For the entries below, repeat exactly each line starting with the one that contains "Asaminami Bilingual Chapel, Hiroshima, Japan, including" and going on through the one that contains "Figure 6. The", and no others.

--- DATASET EXTRACT ---

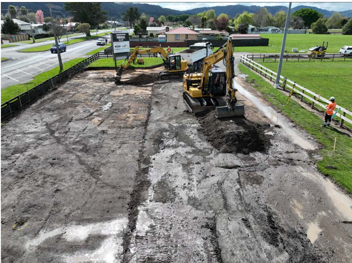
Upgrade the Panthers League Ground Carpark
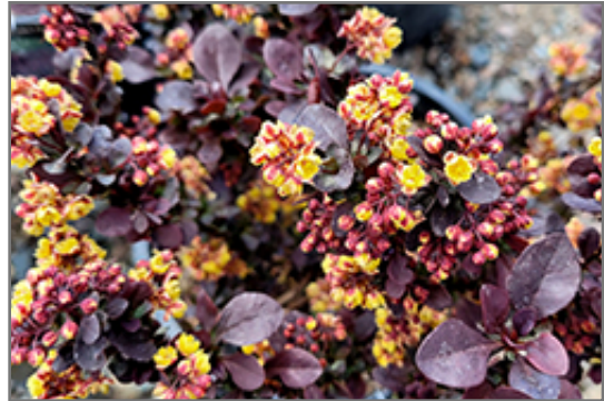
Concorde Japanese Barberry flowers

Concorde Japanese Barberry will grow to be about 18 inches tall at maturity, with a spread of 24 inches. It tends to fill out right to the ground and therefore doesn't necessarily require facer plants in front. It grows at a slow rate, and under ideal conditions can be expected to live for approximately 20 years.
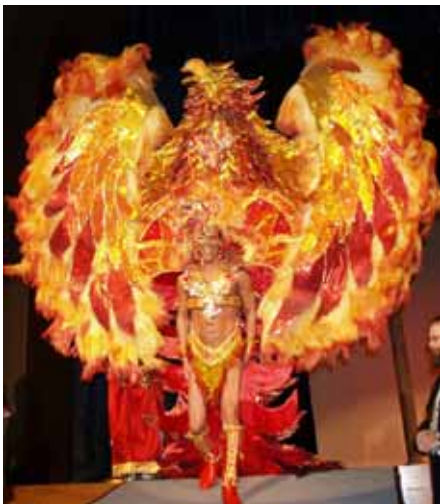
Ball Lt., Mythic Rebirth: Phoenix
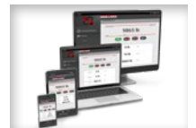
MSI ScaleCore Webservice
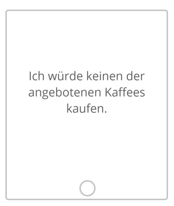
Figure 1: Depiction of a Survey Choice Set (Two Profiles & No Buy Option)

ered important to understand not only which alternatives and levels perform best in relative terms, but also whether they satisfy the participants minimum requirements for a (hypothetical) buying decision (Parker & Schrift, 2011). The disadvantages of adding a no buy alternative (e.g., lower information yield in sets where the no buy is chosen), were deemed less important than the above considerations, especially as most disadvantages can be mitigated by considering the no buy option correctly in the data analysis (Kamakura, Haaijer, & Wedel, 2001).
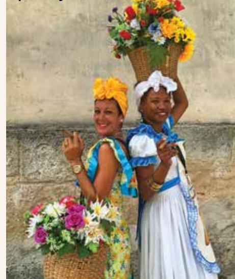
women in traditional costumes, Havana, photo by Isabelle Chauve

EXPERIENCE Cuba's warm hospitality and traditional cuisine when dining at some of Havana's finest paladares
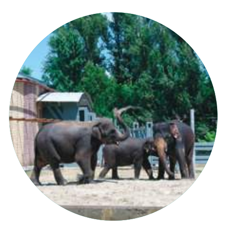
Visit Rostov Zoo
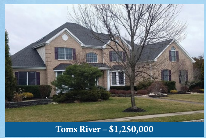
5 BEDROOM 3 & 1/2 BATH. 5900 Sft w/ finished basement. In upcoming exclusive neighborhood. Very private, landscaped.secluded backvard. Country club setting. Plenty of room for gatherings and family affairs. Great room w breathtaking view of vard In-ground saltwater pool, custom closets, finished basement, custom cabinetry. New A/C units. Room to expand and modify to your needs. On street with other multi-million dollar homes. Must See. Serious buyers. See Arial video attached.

---
--- DATASET EXTRACT ---

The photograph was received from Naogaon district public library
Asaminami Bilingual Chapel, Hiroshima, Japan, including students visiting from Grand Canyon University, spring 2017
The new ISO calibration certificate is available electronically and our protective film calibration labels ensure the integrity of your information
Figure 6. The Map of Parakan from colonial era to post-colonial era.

---

TASK SOLUTION.
Asaminami Bilingual Chapel, Hiroshima, Japan, including students visiting from Grand Canyon University, spring 2017
The new ISO calibration certificate is available electronically and our protective film calibration labels ensure the integrity of your information
Figure 6. The Map of Parakan from colonial era to post-colonial era.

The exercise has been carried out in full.